Title: 		A General Probability Model for Analyzing 
			Lichens Growth in the Alps

Authors: 		Philippe Naveau (1,3), Vincent Jomelli (2), 
			Dan Cooley (3), Kenji Osé (2) Etienne Cossart(4)

Affiliation:	(1) LSCE-IPSL, Gif-sur-Yvette, (2) CNRS UMR 85 91, Meudon, 
			(3) Colorado University, Boulder USA, (4) CNRS UMR 8586, Paris

Abstract:
Lichenometry, a dating method for periglacial and glacial landforms, is especially well suited for arctic and alpine regions. In classical lichenometry studies, the largest lichen diameters are measured in different glacial basins. But traditional averaging methods are used to analyze these maxima and to compute uncertainty measures like confidence intervals for the growth curve. Unfortunately, all averaging methods are closely related to the normal distribution but maxima do not follow such a distribution. To solve this important discrepancy, we propose a novel way to model the lichen diameters distribution. Our strategy is to implement the probabilistic theory of extreme values to the study of the largest lichen diameters from different moraines in the French Alps.
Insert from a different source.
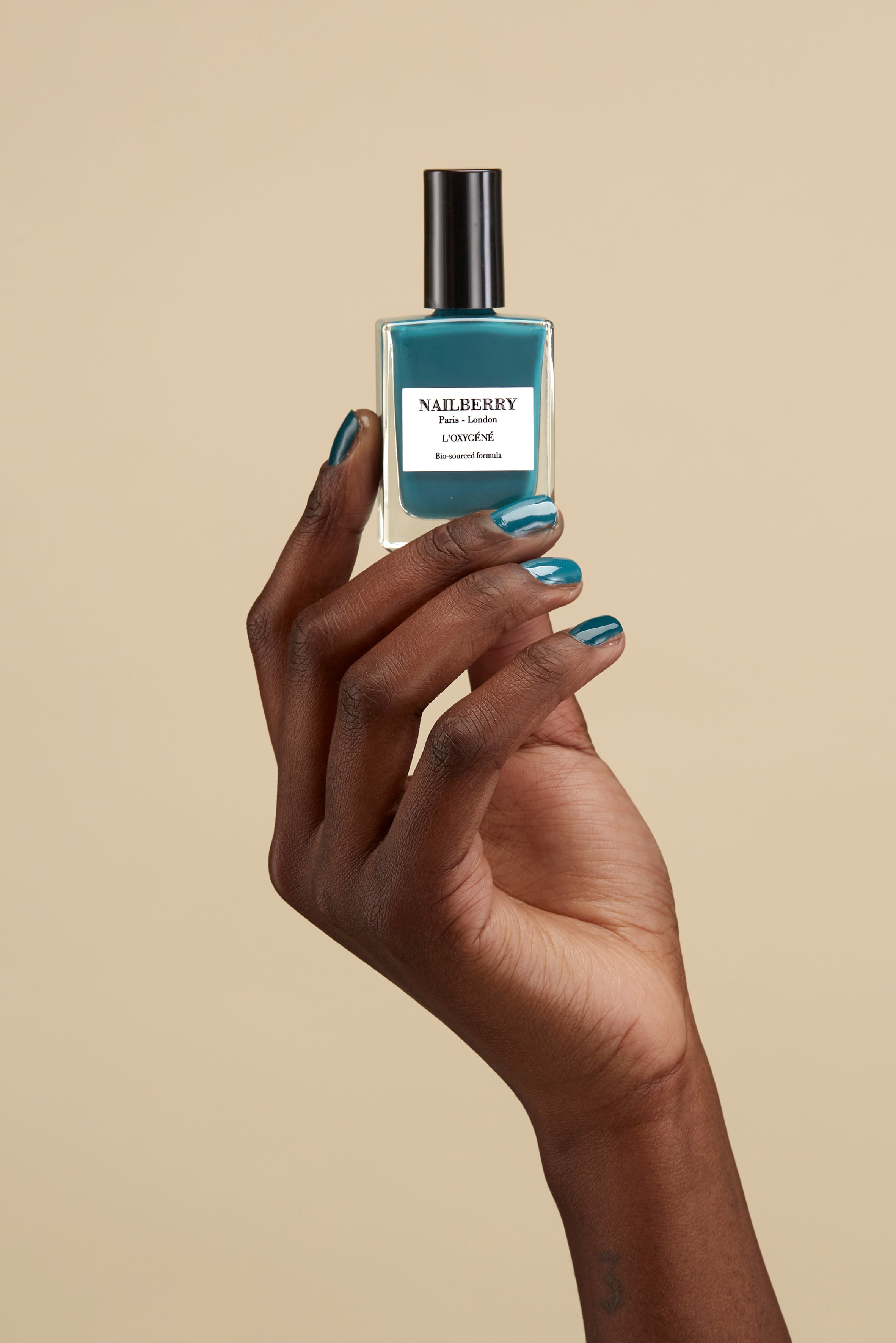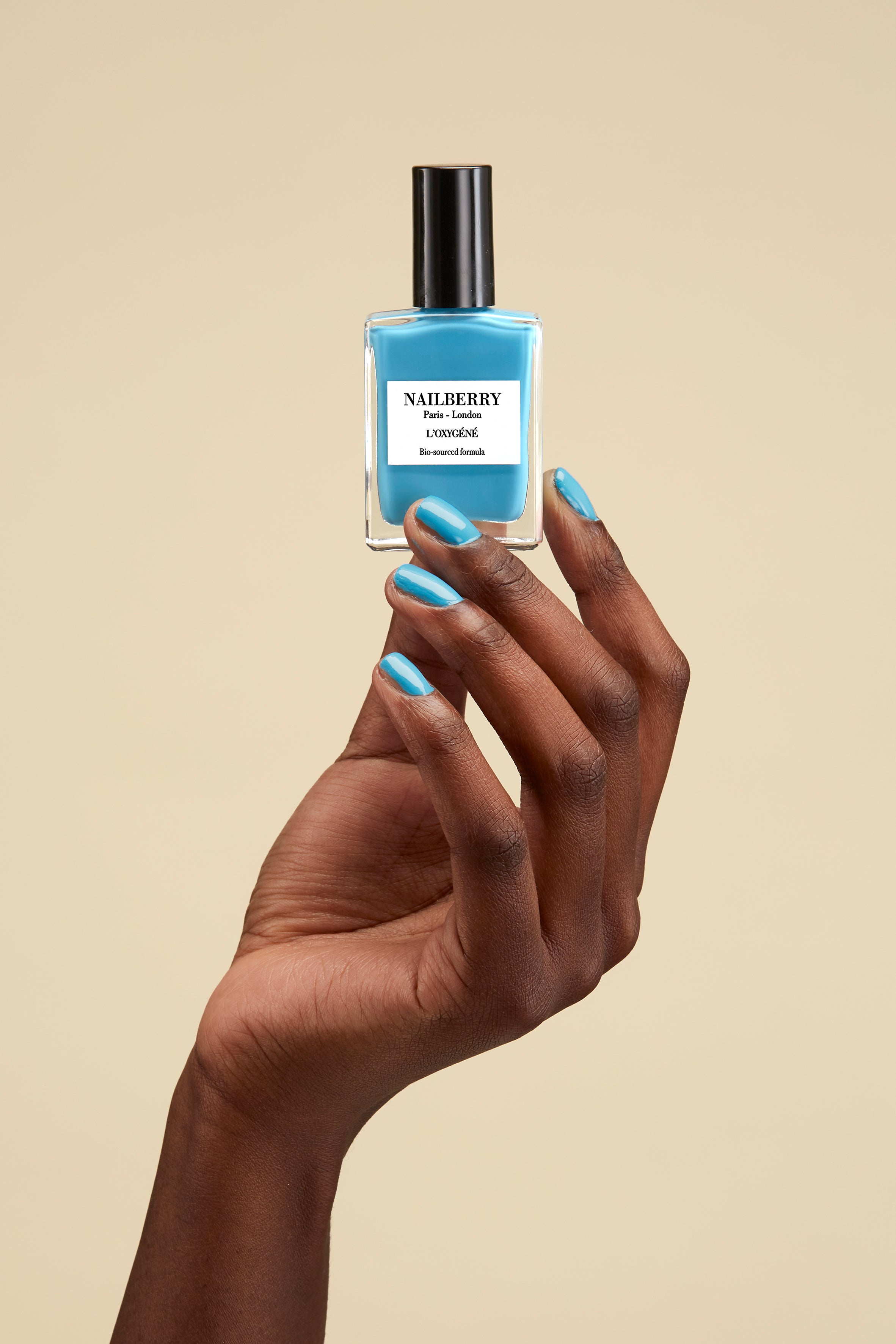 Dip brush into chosen L’Oxygéné Colour, remove excess from brush, then apply one thin layer to each nail. Allow 2-3 minutes to dry, then apply a second thin layer to each nail and allow to dry.

The advantage of this approach over classical statistical lichenometry analyzes is that the uncertainties associated with studying the largest lichen diameters is fully taken into account through identification of the distribution of these largest diameters. In addition to providing a probabilistic framework, the flexibility of our statistical model allows to integrate the error associated with the dating process. To validate our statistical methodology, simulated examples were analyzed and tested. Finally, the proposed techniques are applied to different sites in the massif des Ecrins , which allow us to date the maximal glacial advance, and to estimate paleo ELA during the Little Ice Age. 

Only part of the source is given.